Ruth Coxeter

Earlier this century, Lucille Ball and Mae West charmed the crowds here. Now, on the site of the old Audubon Ballroom, some scientific upstarts hope to earn raves, too. Their audience includes everyone from Wall Street to the U.S. Food and Drug Administration. Columbia's Audubon Biomedical Science and Technology Park is home to 15 emerging biotechnology companies. Here, scientists hope to apply biological knowledge for human good; along the way, they hope to please a few shareholders. The discoveries range from artificial skin for burn victims to genes that may one day help us better diagnose and treat cancers. Their origins are diverse, from one couple's mission to help their ill son to a Columbia gene hunter's dream of starting his own company.

Calling the exterminator: VITEX
An antique advertisement for "Vegetine: The Great Blood Purifier" hangs in the sunlit office of VITEX executive vice president Dr. Bernard Horowitz. The ad promises rosy cheeks, a ringworm cure, and relief from a dozen other ailments. Today, Horowitz's startup firm has a tougher mission: ensuring the purity of the nation's blood supply. Despite stringent screening, blood-borne viruses such as HIV and those causing hepatitis B and C sneak through undetected, sometimes through simple human error. Blood safety is at even greater risk in developing countries, which cannot afford the latest screening technology.

What's your risk of contracting these viruses? About one in every 30,000 units transfused, says Horowitz. With the average transfusion at five units, the risk jumps to one in 6,000. Viruses have a window of opportunity because the body does not make enough antibodies to detect them until some time after the initial exposure. Questions about sexual behavior and drug use attempt to filter out risky donors, but a recent report in the Journal of the American Medical Association surveyed 35,000 people and found that one in 50 failed to mention a risk factor when they last gave blood.1 These omissions represent a potential public health problem and a major opportunity for VITEX.

"There's always a new virus, always a test sensitivity limit," says Horowitz. "So to achieve the 100 percent safety which we think the public really demands, we use viral inactivation." That's what V.I. Technologies stands for. VITEX was founded in 1995 as a for-profit spinoff of the New York Blood Center, the country's biggest independent blood distributor. The ability to exterminate viruses, supported by a stable of nearly 30 patents, has allowed VITEX to assemble a wide range of safe blood products in or about to begin clinical trials, ranging from biological glues that could eliminate the need for surgical sutures to fresh frozen plasma for transfusions.

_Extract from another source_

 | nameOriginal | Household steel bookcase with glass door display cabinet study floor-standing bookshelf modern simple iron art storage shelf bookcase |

Horowitz compares the company's ability to vanquish viruses to "washing the dirt out of dirty clothes." He and a team of researchers developed a solvent-detergent process that literally soaps away the protective fatty envelope surrounding a virus. Naked, the virus fails to bind and infect cells.

The claims of "Vegetine" were hot air; VITEX, on the contrary, is ready to deliver on its promise of a safer blood supply. The solvent-detergent process has already been in use for more than a decade on factor VIII, a clotting protein given to hemophiliacs. Since 1985, there have been no cases of HIV or transfusion hepatitis transmitted from blood proteins cleaned up by the VITEX method. Before that time, more than half of hemophiliacs who received transfusions were infected with HIV. This spring, VITEX expects its first commercial product, SD-frozen plasma, to be approved by the FDA. It will be marketed under the name of the American Red Cross, which supplies half of the nation's blood products.

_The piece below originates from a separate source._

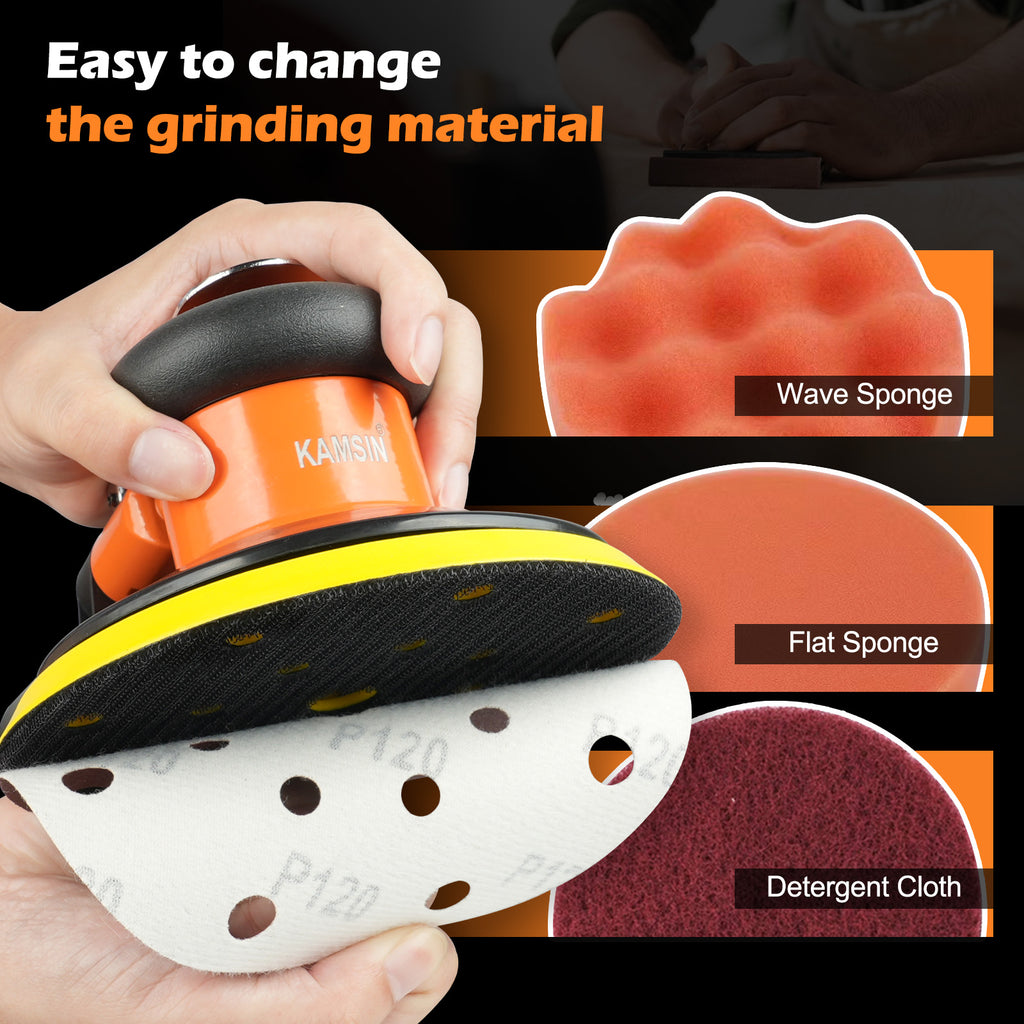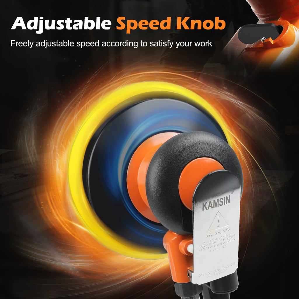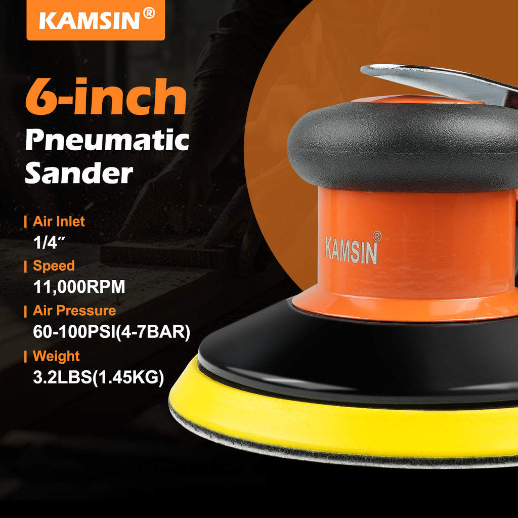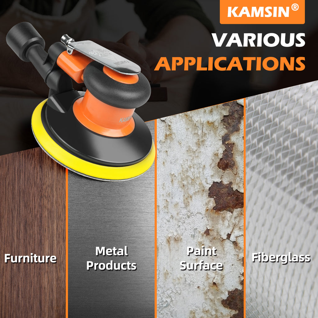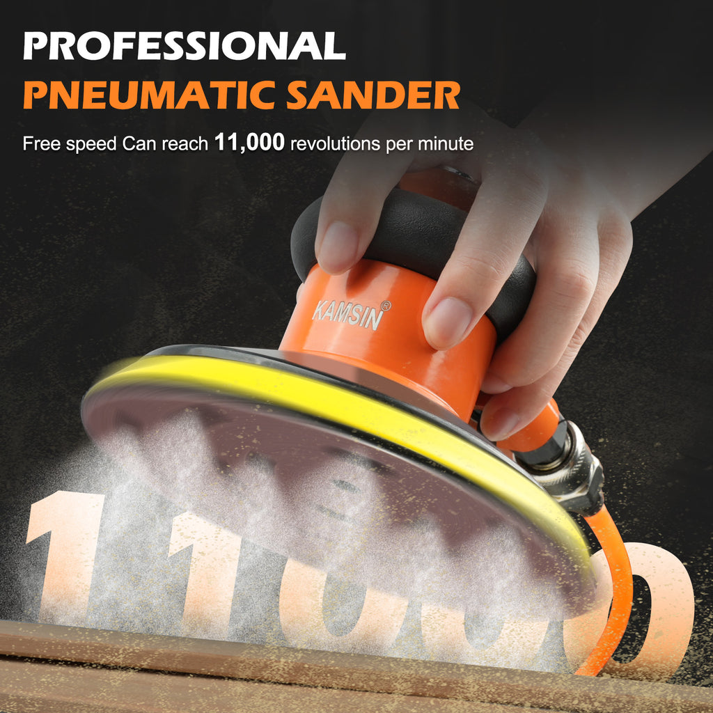 【PROFESSIONAL PNEUMATIC SANDER】 With light weight and ergonomic design, KAMSIN 5 inch random air sander can be easily held in palm

The next targets are red cells and platelets, the more fragile blood components. VITEX zaps viruses with a carefully controlled chemical reaction: Light-sensitive phytochemicals are switched on by red light, releasing oxygen radicals that attack viral DNA. Red cells are naturally protected against most of these toxic oxygen radicals, but protective antioxidants in the mix serve as a buffer.

VITEX is also manufacturing sophisticated biological glues that may take the place of surgical sutures. Blood safety is of special concern here, since such products would be derived from two clotting factors--fibrinogen and thrombin--pooled from the plasma of many donors, which increases the risk of virus transmission. "We're exploiting the body's own natural system for healing wounds," says Horowitz. Since the body interprets the biological stitches as natural, they don't raise the ire of the immune system.

Phase II trials in breast cancer patients who had undergone lumpectomy showed speedier healing with surgical glues than with standard sutures. In the future, VITEX hopes to enhance wound healing by adding growth factors and antibiotics, and to refine chemotherapy by delivering a higher concentration of drug directly to a tumor site while limiting the exposure of healthy tissue to the toxic agent. Encasing these drugs in liposomes could achieve slow, sustained release as each layer of the fat molecule dissolves.

Second skin, second chance: Ortec
Nearly 27 years ago in Australia, Mark and Rochelle Eisenberg began a quest recalling the film "Lorenzo's Oil" when their son Ari was born with a blistering disorder of the skin, epidermolysis bullosa. Caring for these children is like caring for permanent burn patients; skin blisters and flakes like tissue paper. Told their son would die in a few years, the Eisenbergs refused to accept the verdict. "They went on an odyssey," says Ortec International president Steven Katz, a relative. They read medical textbooks, looked up every article they could find, and traveled the globe to meet with researchers.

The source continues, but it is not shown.